Fig. 7 shows the measured resolution functions from Si(844) at E = 11.215 keV for the vacuum-mounted analyzer [Fig. 7(a)] and a traditional glued analyzer. The measured overall instrument resolution function from the vacuum-mounted analyzer is 29.4 meV and agrees very well with both the resolution function from a traditional glued analyzer and the theoretical predictions. This confirms that the new fabrication technique generates analyzers fully equal in quality to the traditional method, but with the added advantages mentioned above. Fig. 8 shows the energy resolution measured from the Ge(337) analyzer at E = 8.908 keV. The overall energy resolution from the Ge analyzer is 56.6 meV. The achieved energy resolution from the Ge(337) analyzer surpasses all previously made Ge(337) analyzers; for more information about the two analyzers used in this work, see Table 1.

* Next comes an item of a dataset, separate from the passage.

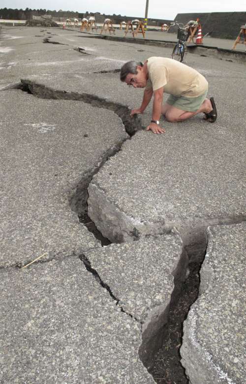在燒津港的碼頭上,地震后出現(xiàn)了一條300米長的裂痕。燒津港某漁業(yè)合作社的官員說:“這次地震和海嘯預警實在令人害怕。今天的事讓我們?yōu)檎嬲拇鬄碾y進行演習!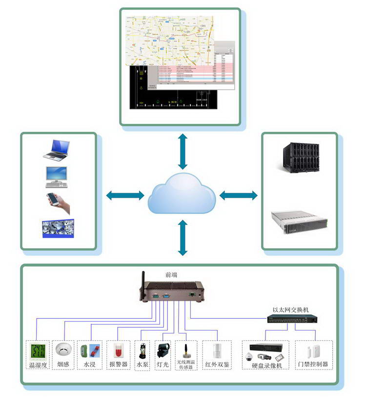 子系統(tǒng)主要包括:環(huán)境監(jiān)測系統(tǒng)、無線設(shè)備測溫系統(tǒng)、煙火監(jiān)測系統(tǒng)、門磁監(jiān)測系統(tǒng)、入侵監(jiān)測系統(tǒng)、水浸監(jiān)測系統(tǒng)、視頻監(jiān)控系統(tǒng)。

Figure 7 Measured energy resolution function of (a) the data taken with the vacuum-mounted analyzer and (b) the traditional glued analyzer. Closed circles correspond to the data; solid red lines show the pseudo-Voigt, dashed red lines show a Lorentzian function and green dashed lines indicate a Gaussian function.

Figure 8 Measured energy resolution function from the Ge(337) analyzer. Closed circles correspond to the data; solid red lines show the pseudo-Voigt, dashed red lines show a Lorentzian function and green dashed lines indicate a Gaussian function.

4. Summary

In this work, we demonstrated a novel fabrication technique to produce high-energy-resolution analyzers for high-resolution inelastic scattering spectroscopy. The new method utilizes a microporous aluminium base holding a thin crystal wafer by uniform vacuum forces. This technique eliminates the need for permanently bonding the crystal assembly to the substrate, offering the opportunity for correcting figure errors, avoiding long-term degradation of the permanent bond, and making both substrate and crystal reusable. Process and material costs are thus substantially decreased. A microporous aluminium base can be used to make other types of analyzers, including cylindrical analyzers and bent analyzers for medium-energy resolution applications.